### [Data extract]
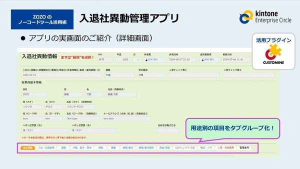 また、kintoneアプリ化することで、一覧だけではなく、個々のデータの詳細も確認できる。入社や休職、異動といった人事イベント毎にタブ分けすることで、必要な情報だけをすぐ確認できるよう工夫もこらした。データの2次活用においても、連携先のシステムに合わせた項目を予め設けることで、出力したcsvをインポートするだけでデータを追加・更新できる。
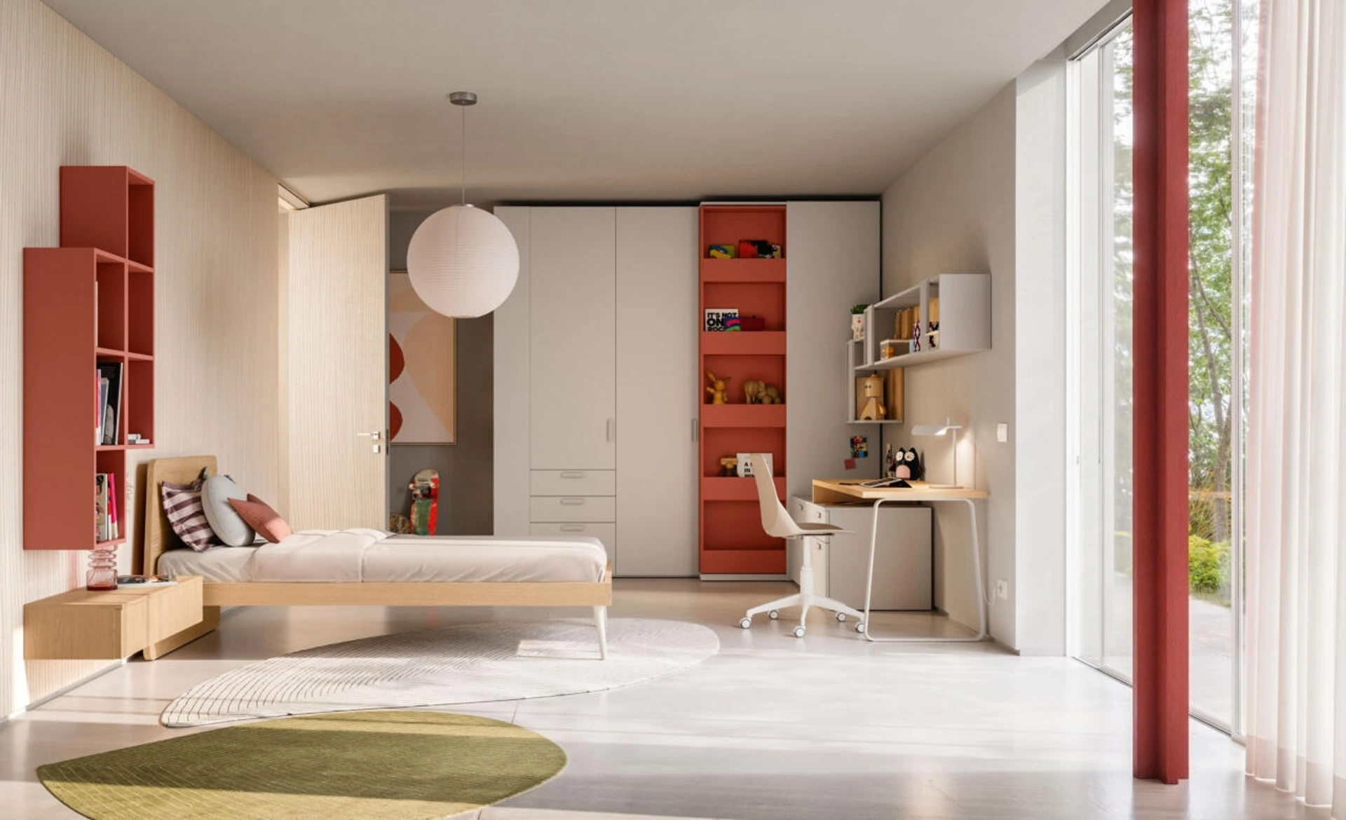 La Composizione Letto a Terra 22 di Mistral è personalizzabile o modulare?Sì, questa composizione è progettata per essere modulare e adattarsi alla crescita dei ragazzi. È possibile personalizzare le dimensioni standard e scegliere tra diverse finiture per integrarla al meglio nella cameretta.
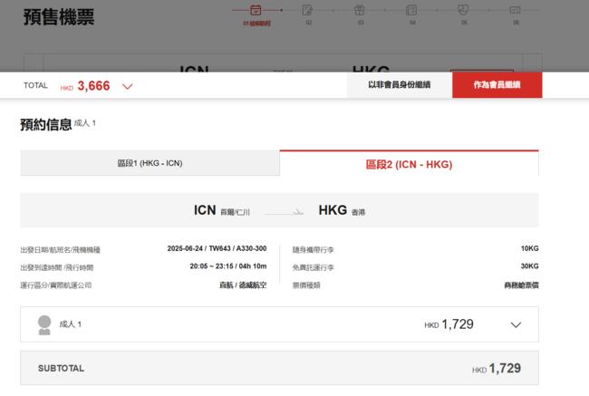 왕복운임 : HKD2,900 / 세금 포함 총액 HKD3,666

### [Brief]
Do not include the pictures. Quote only the lines from the line with "La Composizione Letto" through the end of the material, both ends included, exactly.

### [Response to this task]
 La Composizione Letto a Terra 22 di Mistral è personalizzabile o modulare?Sì, questa composizione è progettata per essere modulare e adattarsi alla crescita dei ragazzi. È possibile personalizzare le dimensioni standard e scegliere tra diverse finiture per integrarla al meglio nella cameretta.
 왕복운임 : HKD2,900 / 세금 포함 총액 HKD3,666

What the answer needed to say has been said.